# Data segment

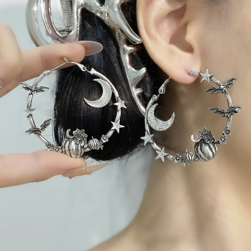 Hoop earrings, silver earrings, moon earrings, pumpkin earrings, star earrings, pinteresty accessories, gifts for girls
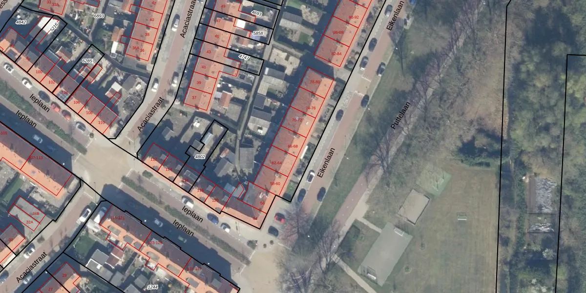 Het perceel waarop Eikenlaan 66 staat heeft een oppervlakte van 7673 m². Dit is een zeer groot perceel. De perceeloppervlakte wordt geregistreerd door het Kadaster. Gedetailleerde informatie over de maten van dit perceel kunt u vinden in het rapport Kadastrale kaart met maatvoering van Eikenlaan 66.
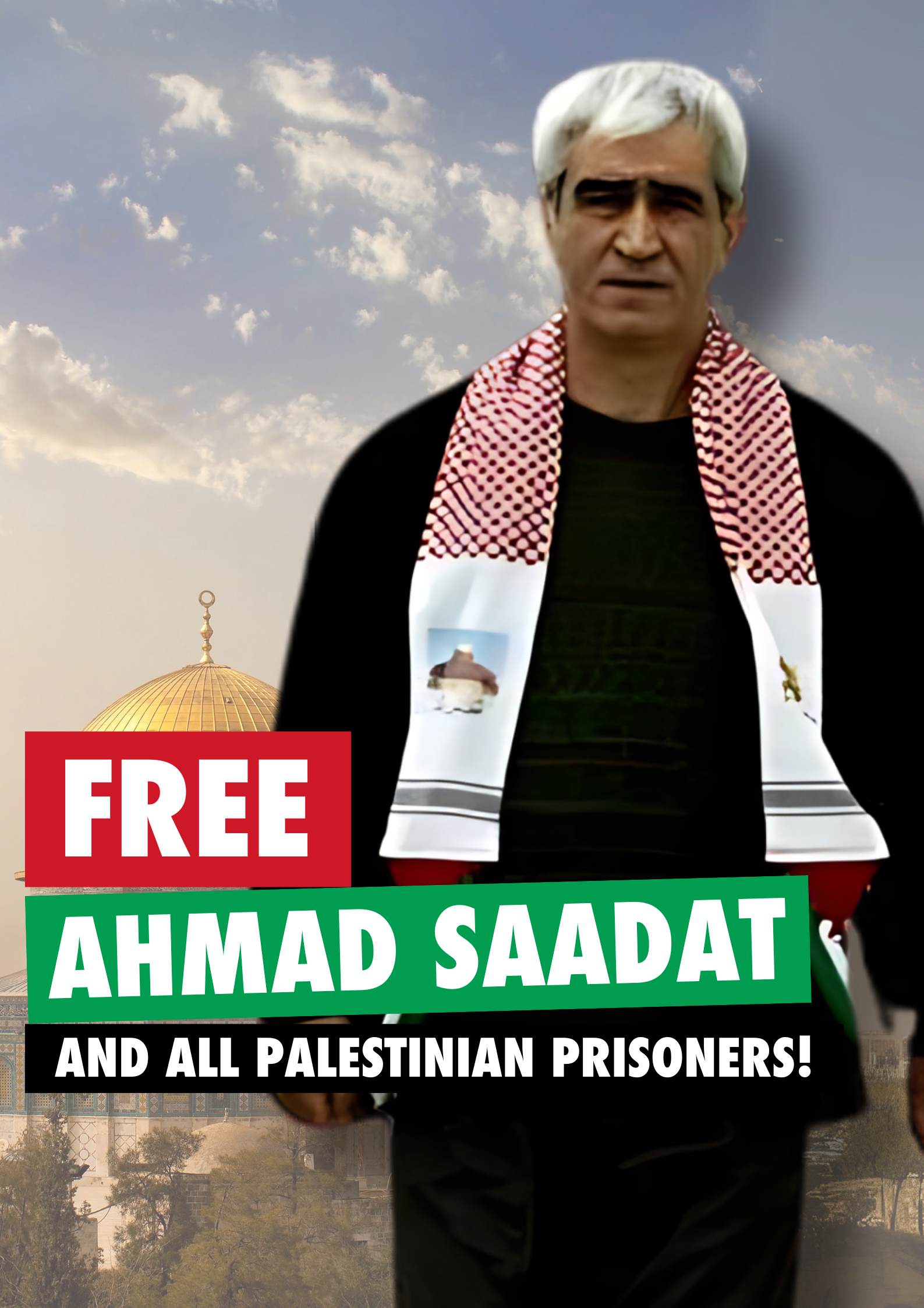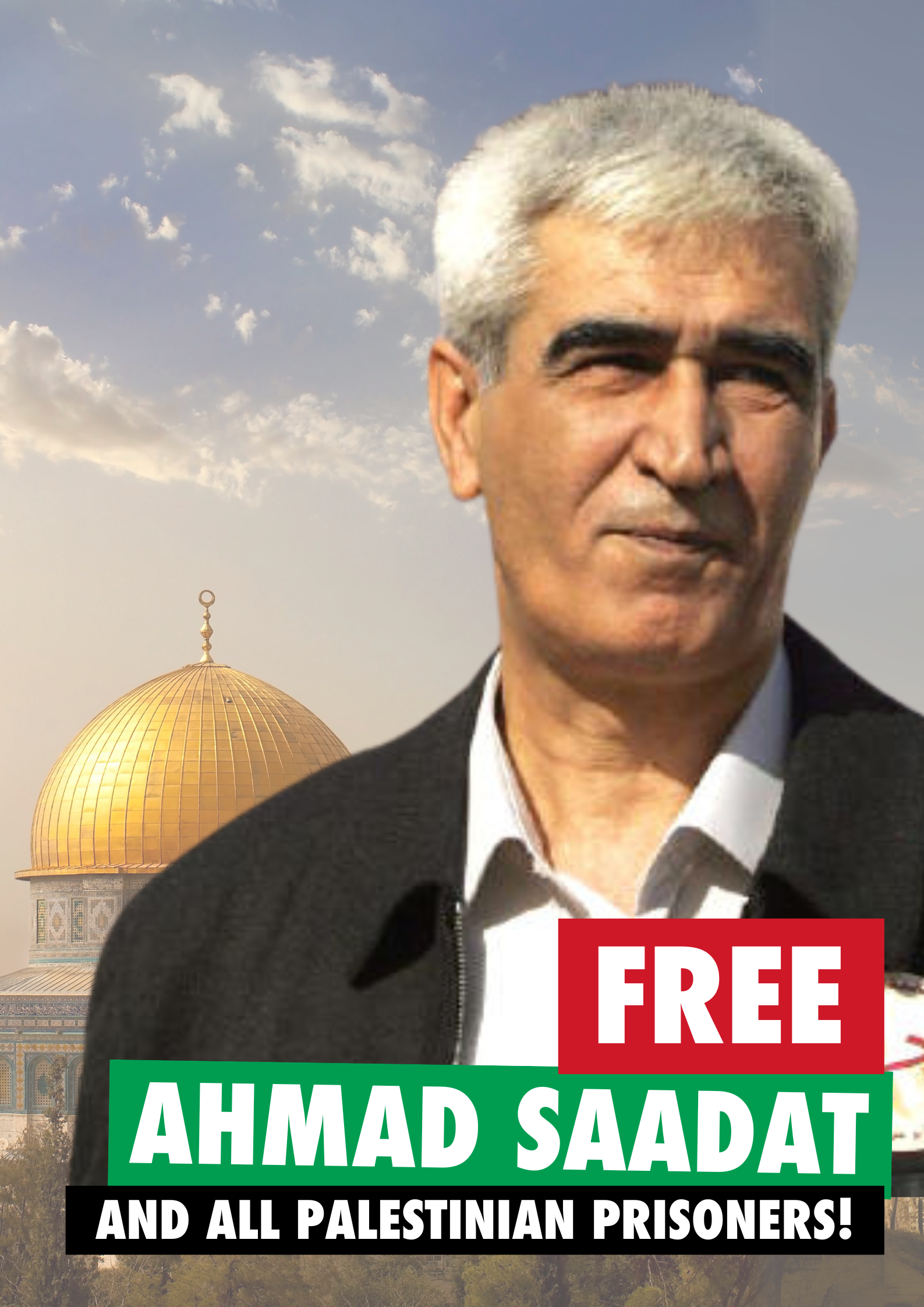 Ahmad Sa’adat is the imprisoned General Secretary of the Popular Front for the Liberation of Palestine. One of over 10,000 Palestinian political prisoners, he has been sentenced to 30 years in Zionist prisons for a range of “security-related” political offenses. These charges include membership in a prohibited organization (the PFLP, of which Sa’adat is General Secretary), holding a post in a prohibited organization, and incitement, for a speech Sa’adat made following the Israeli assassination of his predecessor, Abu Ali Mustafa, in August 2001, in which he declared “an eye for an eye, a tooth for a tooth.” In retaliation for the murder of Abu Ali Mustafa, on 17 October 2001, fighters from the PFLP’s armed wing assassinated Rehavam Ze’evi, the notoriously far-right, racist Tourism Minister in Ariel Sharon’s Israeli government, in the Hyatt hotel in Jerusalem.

# Your assignment
Transcribe the data word for word, with no images.

# Your response
 Hoop earrings, silver earrings, moon earrings, pumpkin earrings, star earrings, pinteresty accessories, gifts for girls
 Het perceel waarop Eikenlaan 66 staat heeft een oppervlakte van 7673 m². Dit is een zeer groot perceel. De perceeloppervlakte wordt geregistreerd door het Kadaster. Gedetailleerde informatie over de maten van dit perceel kunt u vinden in het rapport Kadastrale kaart met maatvoering van Eikenlaan 66.
 Ahmad Sa’adat is the imprisoned General Secretary of the Popular Front for the Liberation of Palestine. One of over 10,000 Palestinian political prisoners, he has been sentenced to 30 years in Zionist prisons for a range of “security-related” political offenses. These charges include membership in a prohibited organization (the PFLP, of which Sa’adat is General Secretary), holding a post in a prohibited organization, and incitement, for a speech Sa’adat made following the Israeli assassination of his predecessor, Abu Ali Mustafa, in August 2001, in which he declared “an eye for an eye, a tooth for a tooth.” In retaliation for the murder of Abu Ali Mustafa, on 17 October 2001, fighters from the PFLP’s armed wing assassinated Rehavam Ze’evi, the notoriously far-right, racist Tourism Minister in Ariel Sharon’s Israeli government, in the Hyatt hotel in Jerusalem.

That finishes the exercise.